I’d like to share what was for me a thought-provoking read, UU minister Doug Muder’s “Left and Right Together”. This is the text of a sermon, available online, and it addresses what the religious right and the religious or spiritual left have in common. Although he uses the word “religious”, the UU take on religion is broad enough that he's also addressing life stances like Humanism. Muder is a humanist himself.

He begins the sermon with readings from someone I would never expect to hear from in a UU fellowship: James Dobson. What we have in common, Muder says, is that we are mutually concerned with the way humanity is shaping up. “Both have loyalties that go beyond self and the convenience of the moment. Both reject the materialism of popular culture. Both seek something more substantial than the momentary satisfaction of desire or the endless striving after status. The committed (liberal) life is a different way to pursue these goals, not a denial of them.”

Muder states that both ways of life are concerned about the unhealthy growth of the same thing, the religion of “Consumer Hedonism”. This is a religion that dominates the culture to the point that it needs no building, names, priests, or anything of the sort: it’s become the very atmosphere we live in. To show this, he lays out what Consumer Hedonism is and elaborates on what values it instills in everyone -- values that are rejected by those who are concerned about bigger things. “Liberals and conservatives alike reject the emptiness of Consumer Hedonism, and nurture values that transcend desire and image: Values like family and friends and community. Compassion for the stranger. A just society. Appreciating the wonder of creation. Building a personal relationship with Beauty and with Knowledge and with Understanding. When those values are part of your experience of every moment, when you have trained yourself to experience them as immediately as you experience your physical desires, you're there. [...] The main difference between religious liberals and religious conservatives is in where they look for those values and how they hope to bring them into the world. Conservatives look to traditional values, a way of life that they believe worked for our ancestors. Typically, a conservative faith has a Golden Age it wants to preserve or restore: Eden, ancient Israel, the Jerusalem of the Apostles, the Medina of Muhammad, or even the small-town America of Norman Rockwell. Conservatives see the deeper values of those communities being replaced by practices that satisfy more superficial desires.

Liberals, on the other hand, attach their vision of deeper values to a future Utopia or to a Platonic ideal. They see themselves not as restoring a Golden Age, but as marching onward and upward towards a world more perfect than has ever existed before. Two centuries ago, a world without slavery was a complete dream. No Golden Age had ever achieved it. But here we are.”

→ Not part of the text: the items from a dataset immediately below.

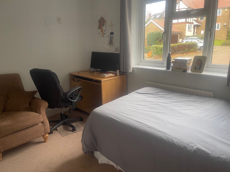 Quite bright Large Double room with triple floor to ceiling built in wardrobe and desk nicely furnished, over looking front. The en-suite is a Full size bathroom Available Now £750 PM inc for professional (SINGLE OCCUPANCY ONLY )
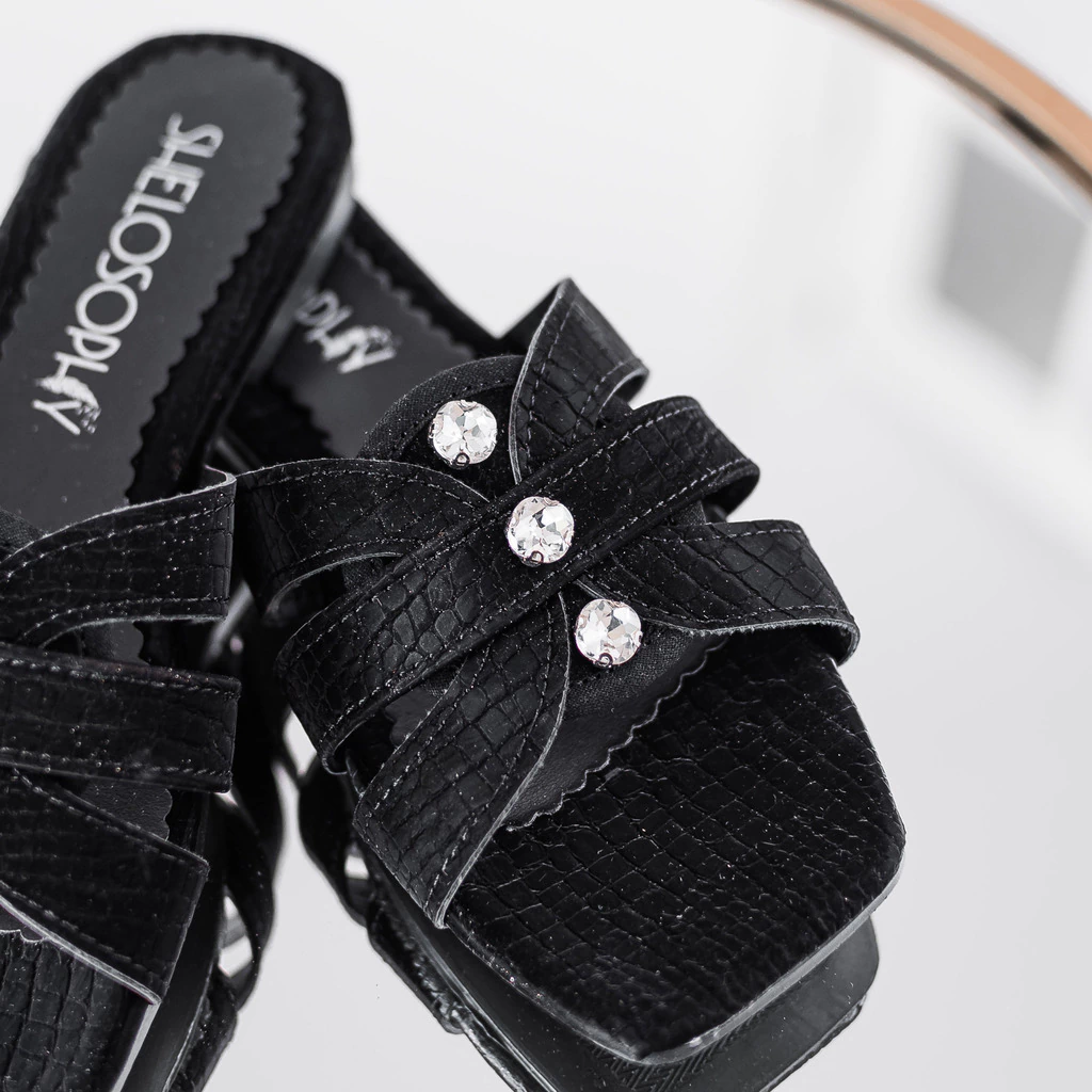 La Sandalia Aurora está confeccionada en un elegante croco chico en color negro, que aporta un toque sofisticado a cualquier atuendo. Sus apliques de strass brillan añaden un detalle encantador. Además, su diseño bajo garantiza comodidad y estilo durante todo el día.
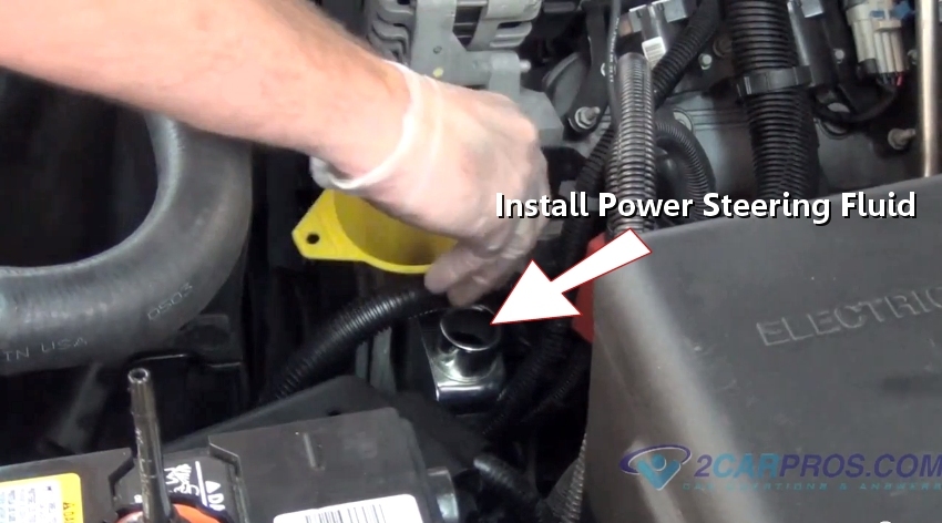 the pump reservoir cap and refill with power steering fluid.
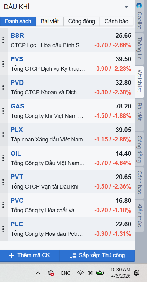 Trong giai đoạn hiện tại, mình thấy một số cổ phiếu nhóm ngành dầu khí sau một nhịp tăng mạnh từ tháng 12/2025 đang có xu hướng giảm trở lại nền cũ, thậm chí, một số cổ phiếu còn chưa thực sự bước vào giai đoạn giảm mạnh.
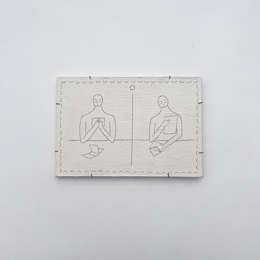 隔たりと繋がりを題材に、2023年に制作した連作「対話」。版画制作の経験から得た発想に基づき、作品はオリジナルでありながらもエディションとして捉え、すべての作品にエディションナンバーを刻印しています。実際の手紙ほどの大きさでそのまま壁にかけることができます。
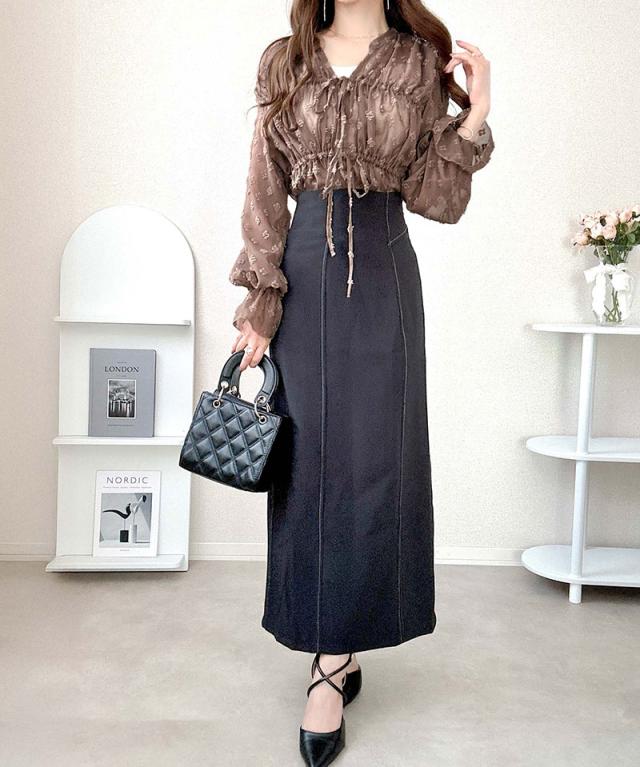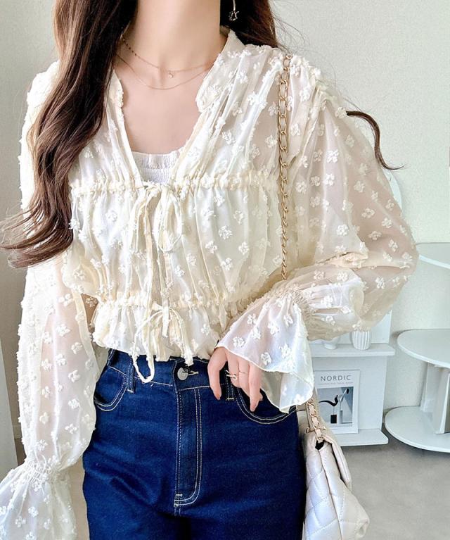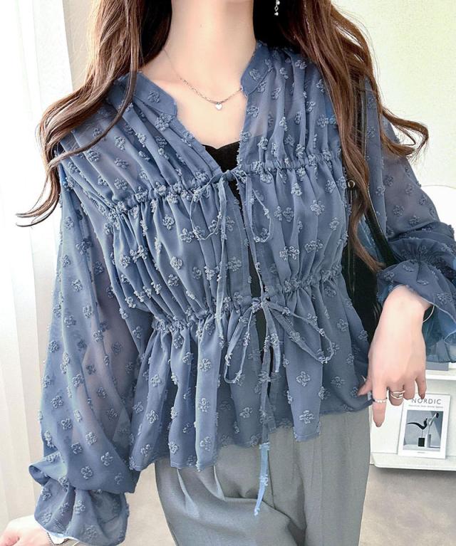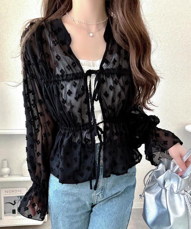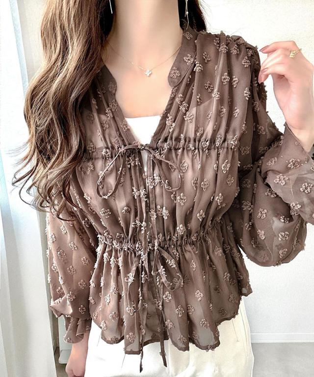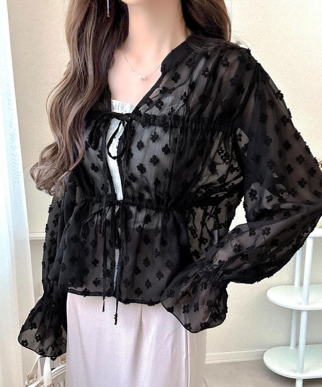 クラシカルエルフ冬新作 mily bilet トップス ブラウス レディース 花柄 シフォン カーデ 大人 透け感 フラワー柄 シアー素材 リボン ギャザー かわいい ドビーブラウス 羽織り 蝶々結び 甘め きれいめ お出かけ お呼ばれ 大きいサイズ 2025aw mi1019105

He ends with thoughts on generating a dialogue between the human-concerned left and the religious right. I found the sermon to be very…thought-provoking and more than a little heartening. I’ll own to going weak at the knees for ideas that bring people together, but outside of my own biases I think Muder makes a valid observation. What say you?

4 comments:

Baley Petersen said...

Again, I want to "like" this! Really really like it! ;)

CyberKitten said...

In many ways they (Left & Right) are both focused on a mythical utopian future - so they already have lots in common. Maybe they could build on that? [grin]

kimc said...

I thought that conservatives were "focused on a mythical Utopian" past?

Stephen said...

The apocalyptic versions of some religions (particularly Christianity, Judaism, and Islam) have "golden age" futures after the return of a Messiah figure. Christianity and Islam look for golden ages in both the past and the future, although the one in the future requires lots of disasters and death.

That's apocalyptic for you.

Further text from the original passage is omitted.